BEGIN Records to process

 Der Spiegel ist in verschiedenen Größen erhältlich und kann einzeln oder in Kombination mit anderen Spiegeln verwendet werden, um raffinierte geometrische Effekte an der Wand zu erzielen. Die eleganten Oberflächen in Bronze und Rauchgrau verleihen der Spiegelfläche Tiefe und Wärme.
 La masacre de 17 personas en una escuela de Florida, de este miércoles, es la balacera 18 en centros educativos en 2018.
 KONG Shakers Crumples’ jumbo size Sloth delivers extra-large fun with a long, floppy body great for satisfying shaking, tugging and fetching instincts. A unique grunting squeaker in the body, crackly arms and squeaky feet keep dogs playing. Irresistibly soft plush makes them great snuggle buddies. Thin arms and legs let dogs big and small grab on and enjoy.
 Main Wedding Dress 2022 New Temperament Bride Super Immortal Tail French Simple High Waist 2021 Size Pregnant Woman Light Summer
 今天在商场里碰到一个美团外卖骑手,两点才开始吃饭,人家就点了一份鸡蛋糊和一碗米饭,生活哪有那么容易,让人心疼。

END Records to process
BEGIN Records to process

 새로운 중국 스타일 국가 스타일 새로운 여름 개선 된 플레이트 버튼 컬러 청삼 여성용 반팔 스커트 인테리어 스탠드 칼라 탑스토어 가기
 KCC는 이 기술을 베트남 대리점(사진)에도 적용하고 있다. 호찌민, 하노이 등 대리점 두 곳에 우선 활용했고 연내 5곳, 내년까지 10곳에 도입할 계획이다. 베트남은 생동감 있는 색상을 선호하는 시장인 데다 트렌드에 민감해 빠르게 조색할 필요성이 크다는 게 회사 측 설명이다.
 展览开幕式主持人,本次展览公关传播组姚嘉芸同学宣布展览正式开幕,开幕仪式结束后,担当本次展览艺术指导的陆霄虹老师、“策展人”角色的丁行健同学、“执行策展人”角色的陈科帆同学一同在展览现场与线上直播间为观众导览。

END Records to process
BEGIN Records to process

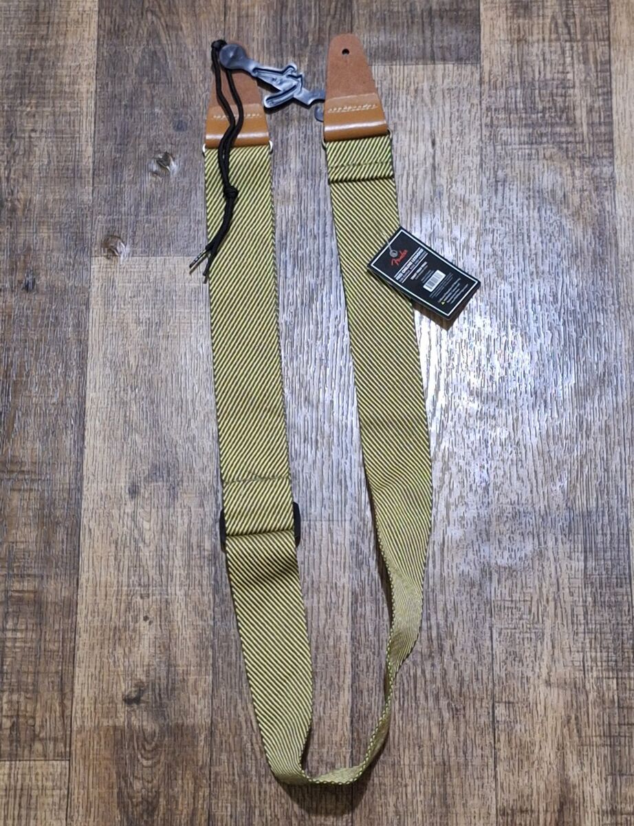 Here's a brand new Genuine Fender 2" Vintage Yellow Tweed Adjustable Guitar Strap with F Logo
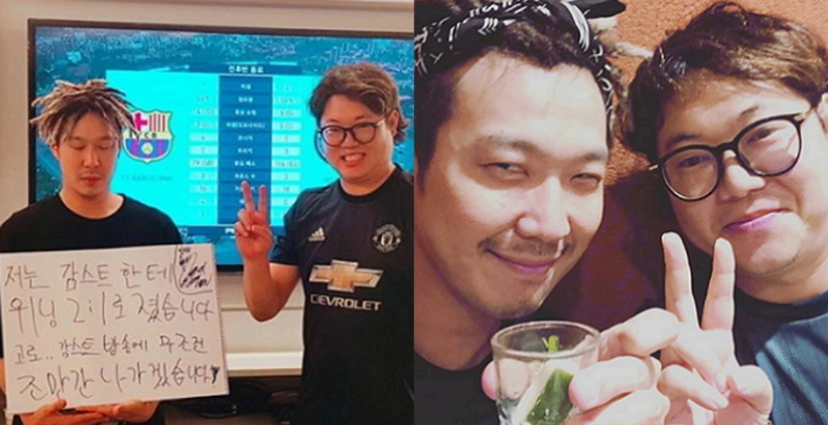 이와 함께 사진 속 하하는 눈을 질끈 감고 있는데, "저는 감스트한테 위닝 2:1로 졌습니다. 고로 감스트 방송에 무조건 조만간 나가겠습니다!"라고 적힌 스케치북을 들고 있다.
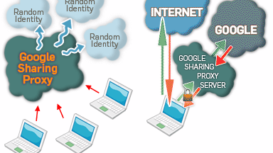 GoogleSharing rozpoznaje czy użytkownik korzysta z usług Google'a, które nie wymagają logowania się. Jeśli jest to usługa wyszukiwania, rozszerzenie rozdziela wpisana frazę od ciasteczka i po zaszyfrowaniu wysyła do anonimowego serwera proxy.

END Records to process

Work to be completed
Go through the listing above and write out exactly the lines starting with the one holding "KONG Shakers Crumples’" and running through the one holding "今天在商场里碰到一个美团外卖", ends included, and no others.

Reply to the exercise
 KONG Shakers Crumples’ jumbo size Sloth delivers extra-large fun with a long, floppy body great for satisfying shaking, tugging and fetching instincts. A unique grunting squeaker in the body, crackly arms and squeaky feet keep dogs playing. Irresistibly soft plush makes them great snuggle buddies. Thin arms and legs let dogs big and small grab on and enjoy.
 Main Wedding Dress 2022 New Temperament Bride Super Immortal Tail French Simple High Waist 2021 Size Pregnant Woman Light Summer
 今天在商场里碰到一个美团外卖骑手,两点才开始吃饭,人家就点了一份鸡蛋糊和一碗米饭,生活哪有那么容易,让人心疼。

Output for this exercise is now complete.